Wednesday, October 12, 2011

David Hockney, Philip Pullman, Kirsty Wark: my favourite masterpiece

A detail from Still Life, by Francisco Zurbaran, as chosen by Amanda Levete Photograph: Norton Simon Collection/Bridgeman Art Library/The Bridgeman Art Library
A detail from Still Life, by Francisco ZurbaranWhat makes a great artwork? We asked some of the great and the good in the art world to pick something they considered to be truly special. Here, our art critic introduces their responses by asking what a masterpiece really is 

What is a great work of art? The question asks itself when you leaf through The Art Museum, a colossal new book that gathers together an ideal collection of superlative sculptures, paintings, vases, embroideries and installations. Amanda Renshaw, who conceived this mammoth project, spent 10 years working with other editors to build the book for art publishers Phaidon.
What does it mean to call a work of art "great"? It's a lot stronger than saying you like or even love it, or naming your favourite. Those judgments are subjective. If I say my favourite work of art is the gold funeral mask of Tutankhamun in the Egyptian Museum on Cairo's Tahrir Square, that is just a personal enthusiasm. If I call it the greatest work of art in the world, I am making an objective statement. I am saying it does not matter if you or I like it that much; I am saying it is a work of profundity, power and originality.
As it happens, the mask of that boy king exhibits another quality: beauty. The proportions of his face, the perfection of the gold skin, the clarity of his eyes – all have the harmony and grace we call beautiful. So why not simply say this is one of the world's most beautiful works of art? Because to modern ears this does not sound as serious or impressive as a "great" work.
Five hundred years ago, the highest praise would have been to call something beautiful; that changed in the Romantic age, with the birth of the modern world. The idea that art existed to delight and entertain was shunned by the composer Beethoven, the poet Coleridge, and the artist Goya, to name just a few Romantic radicals. And, essentially, we still see art as they did: as an arduously serious and dangerous imaginative adventure, driven by emotional forces that lead the artist to the very limits of representation and beyond.

Philip Pullman, Author
Claude Monet's The Four Trees (1891)

For a work to be great, I think it must signify influence as well as have a self-contained perfection of form. I can only talk about western art because, while I can see beauty in, say, a Benin bronze, I have no idea whether it was influential in its own culture, or typical, or what.
So I've chosen a painting by Monet, who changed the way painters in the west saw and depicted light, and light is the subject of every representational painting: light falling on flesh, on stone, on cloth, on water. The Four Trees, one of a series of paintings of this stretch of the river Epte, is great because it conveys the sense of a bright morning with freshness and brilliance (the delicious golden light on the curve of trees in the distance); and because it's formally thrilling (I pity anyone who didn't feel a shock of delight at seeing that grid of dark lavenders over pale blue and gold); and because it's part of impressionism's great project of teaching the 20th century a new way of seeing.

Amanda Levete, Architect
Francisco de Zurbarán's Still Life


The depth of understanding and observation in this work is extraordinary. The artist creates a kind of hyper-reality: when I see a bumpy, thick-skinned lemon at a stall, I feel I am looking at an image from this painting. Great art stops us in our tracks, gives us an insight into reality, makes us think, helps us understand the structure of things. That a painting can do this with the humble lemon, some oranges, a rose and a cup of water is testament to its power and greatness. How I would love to be able to look at such a work every day, to discover another nuance, to be reminded that there is sublime beauty in the ordinary.

David Hockney, Artist
Picasso's Mother and Child (First Steps) (1943)

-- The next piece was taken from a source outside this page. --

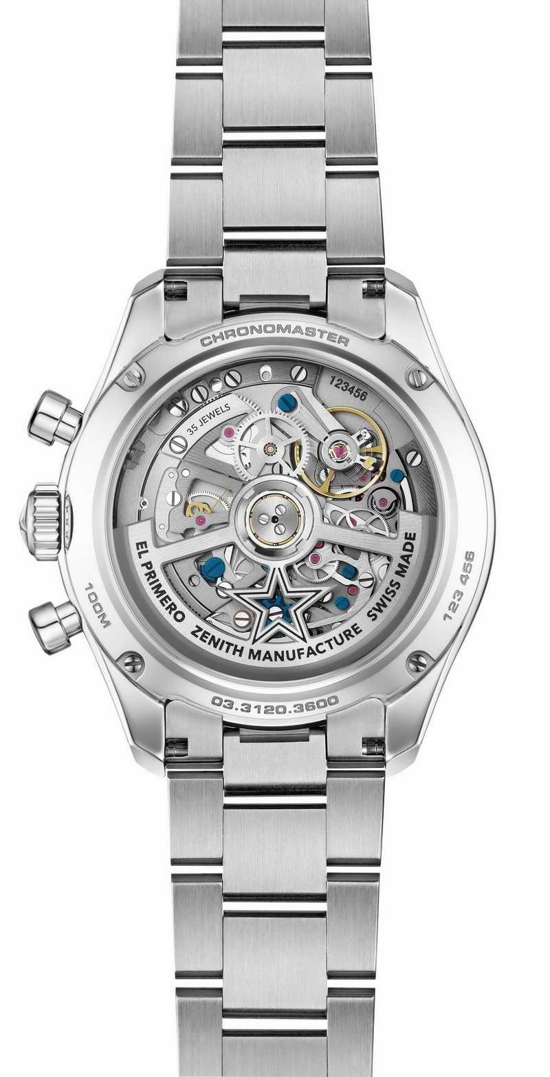 此款腕錶搭載ZENITH真力時最新一代傳奇計時機芯—El Primero 3600機芯。其機芯以5赫茲(36,000次/小時)振頻運作,配備矽質擒縱輪,令計時指針能每10秒旋轉一圈,計時可精確至十分之一秒。60小時動力儲存和停秒裝置,確保了腕錶的穩定性與精準度。透明藍寶石錶背呈現機芯的精巧構造,包括藍色導柱輪、水平離合器和飾有ZENITH真力時星形的鏤空擺陀。
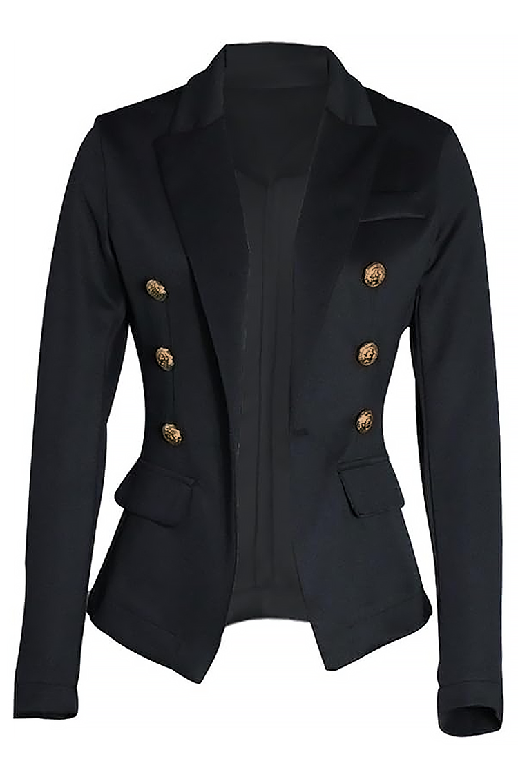 - Το μοντέλο έχει κομψή γραμμή, μαύρο χρώμα και χρυσά κουμπιά.

There's not much art I don't like, although I am indifferent to some (indeed, quite a lot) today. I could say the Fra Angelicos in San Marco in Florence are my favourite works, or Rembrandt's great drawing, in the British Museum, of a family teaching a child to walk. But why not Picasso's treatment of that same subject, which is only dealt with by the greatest artists?
It is a totally universal subject that everybody has experienced and witnessed. Today, thousands of depictions will be made of this all over the world, most with a camera: uncle Charlie teaching little Edna to walk, photographed by mum. But most will not be able to show us what Picasso does: the child, both thrilled and frightened; the anxious mother, whose supple hands clasp the child's still awkward fingers. Cubism allows him to give us that detail. In great works of art, form and content are one. It is a wonderful, touching work. Great stuff. There are not many great paintings on this subject.

Tim Marlow, Art historian, director of exhibitions at White Cube
Hans Holbein's Dead Christ (1521)

This stark, life-sized image of Christ in the tomb is one of the great depictions of death and decay in western art. It's as if you are peering into a sarcophagus set into the wall. The vicious and visceral wounds are surrounded by gangrenous flesh, and the body is beginning to decompose towards the point of putrefaction.
It's a painting that seems to assault the nose as much as the eyes, a pathological vision that famously caused the great Russian writer Fyodor Dostoevsky to remark that it "could rob a man of his faith". Aside from Christ's extended, goitrous jaw, the other astonishing feature is that Holbein was not yet 25 years old when he painted it.

Charles Saumarez Smith, Secretary and Chief Executive, Royal Academy
Paintings of the Italian Renaissance

When I received Phaidon's huge, new, tombstone venture which commemorates all the greatest works of art from all round the world, I lugged it to the table in order to examine its coverage of the Italian Renaissance. There are whole page spreads devoted to Piero della Francesca, Botticelli and Mantegna, including some of the greatest works of art in the world. What makes them great? I haven't lost the ideas explored by 19th-century art historian Jacob Burckhardt in the – that great works have the capacity to encapsulate ideas about the world. They will have a quality of ethereal and spiritual poetry (as in the works of Botticelli); or a quality of intelligent, mathematical authority (Piero); or a sense of the passing of time and of the culture of the past (Mantegna). Great works must be transcendent: that is, the artists are striving to communicate to their own age, but in a language understandable visually to other ages that do not share the same values.

Cornelia Parker, Sculptor
Bernd and Hilla Becher's Water Towers (1988)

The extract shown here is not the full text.